Murder Mystery Solved! (Before I read the last bit…)

After all the excitement of my 100th post and my very first guest reviewer,(thanks MHH!) it’s back to my weird selection of books. Easy to get hold of, but a strange selection of history (fiction and non fiction) general fiction (some of it literary) and a fair bit of murder (only fictional, don’t panic) and anything else which takes my fancy…

My latest murder is one of a series. I may have mentioned the books of Catriona  McPherson before, but her second book in the Dandy Gilver Murder Mystery series has kept me occupied in the Festival which is in full swing hereabouts. So between being nice to people eager to discover local history and the details of the production of the King James Bible (400 years old this year) I’ve been solving a murder.

The mystery to be found in The Burry Man’s Day is not the toughest I’ve ever read of in a historical murder novel.


I think that this mystery is informative about the period just after the First World War, when social barriers had been challenged and women had won many more rights, even if customs in small Scottish towns lagged behind. McPherson lives in Scotland and may be more culturally aware than some other writers of historical mystery novels, despite their often impeccable research. I think that she has got the sense of life in a community just right, with the lively children, dubious drinkers, strict housewives and funeral practices. The headmaster and wife of the school are so well described that they would be in the running for the Mrs Proudie Prize (Trollope’s Barchester Chronicles)

  Cue extra picture of Alan Rickman in the Barchester Chronicles with the fearsome Mrs Proudie, role model for Clergy Spouses everywhere.

Back to McPherson. The unexpected death of a well known local character in a very public setting sets off the hunt for a possible murderer, motive and method. The extra thing about this series of novels is the genuinely funny style. The hostess of the fete is called Buttercup by the leading character, much to her new husband’s bemusement. The same hostess has lived in America, from which she has acquired habits from the famous speakeasy’s need to hide alcohol quickly as well as suspicions of gangsters. This book is far more confident than its predecessor After the Armistice Ball. Dandy now enjoys detecting and is confident in her partner, which allows her to have a more realistic crisis of conscience at the significant moment. Despite its humour, this book makes some serious points about the damage done by the War.

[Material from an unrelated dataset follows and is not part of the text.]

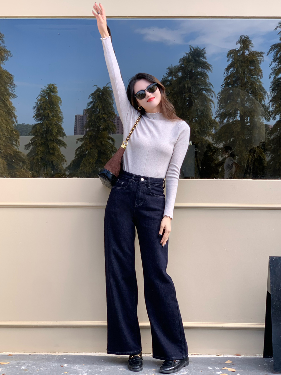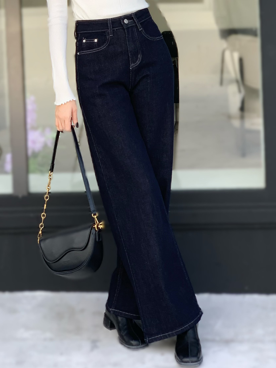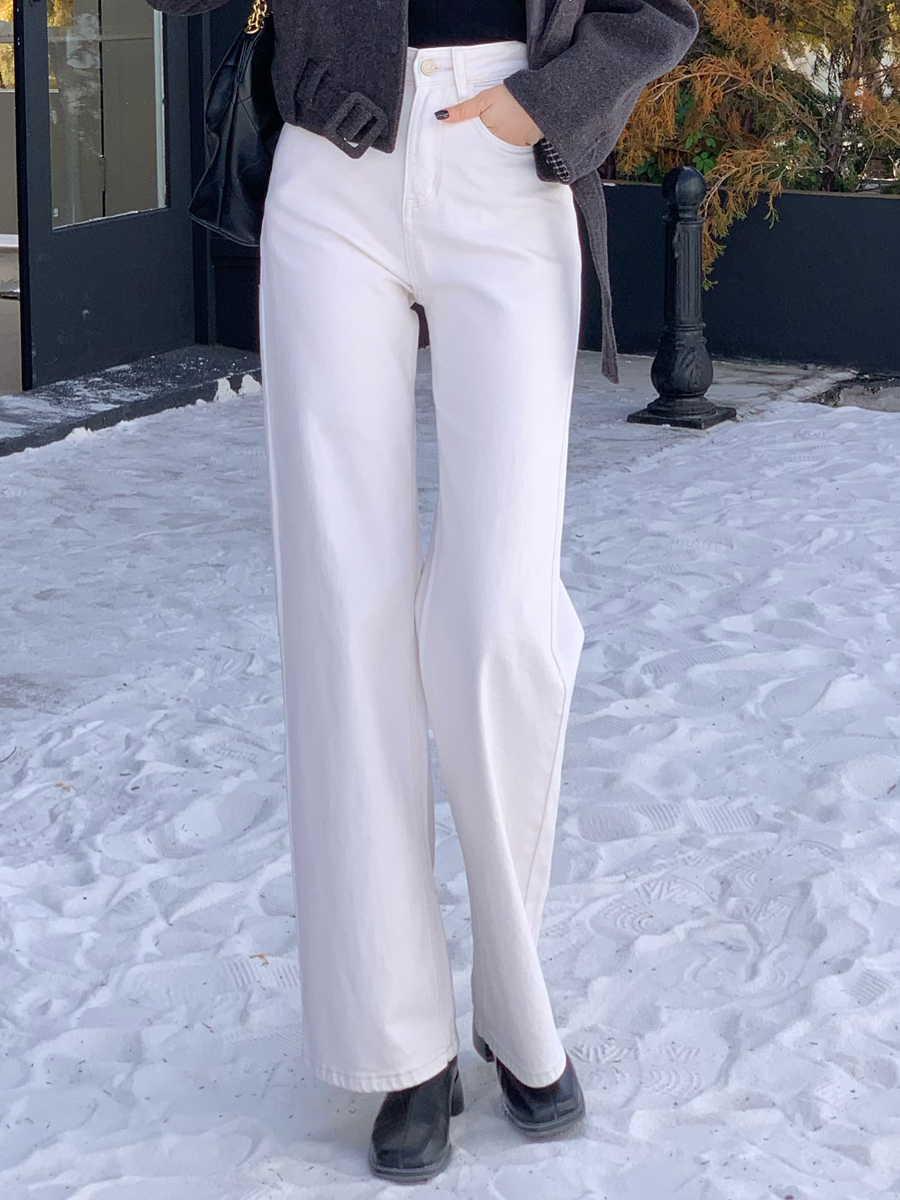 【百图lulu定制】【预售10天发】【王牌牛仔裤】新疆长绒棉 高腰收腹 显腿长显腿直 外层磨毛 厚实牛仔直筒裤

Unusually for me, I worked out roughly what must have caused the events in the book quite early on. Despite my record of reading many murder mysteries, I often struggle to beat the detective to murderer, motive and method. This may be because the novel does not obey the rules concerning letting the reader having all the information in good time, or maybe because I’m just not good at puzzles. This book is so good that even if you crack the mystery early on, the process, the scenery and the characters are worth following. I have also enjoyed greatly Elizabeth Peters, Carola Dunn and Laurie King  who write good historical murder mysteries, but I think that McPherson has a slight edge on style and humour. Well worth a read.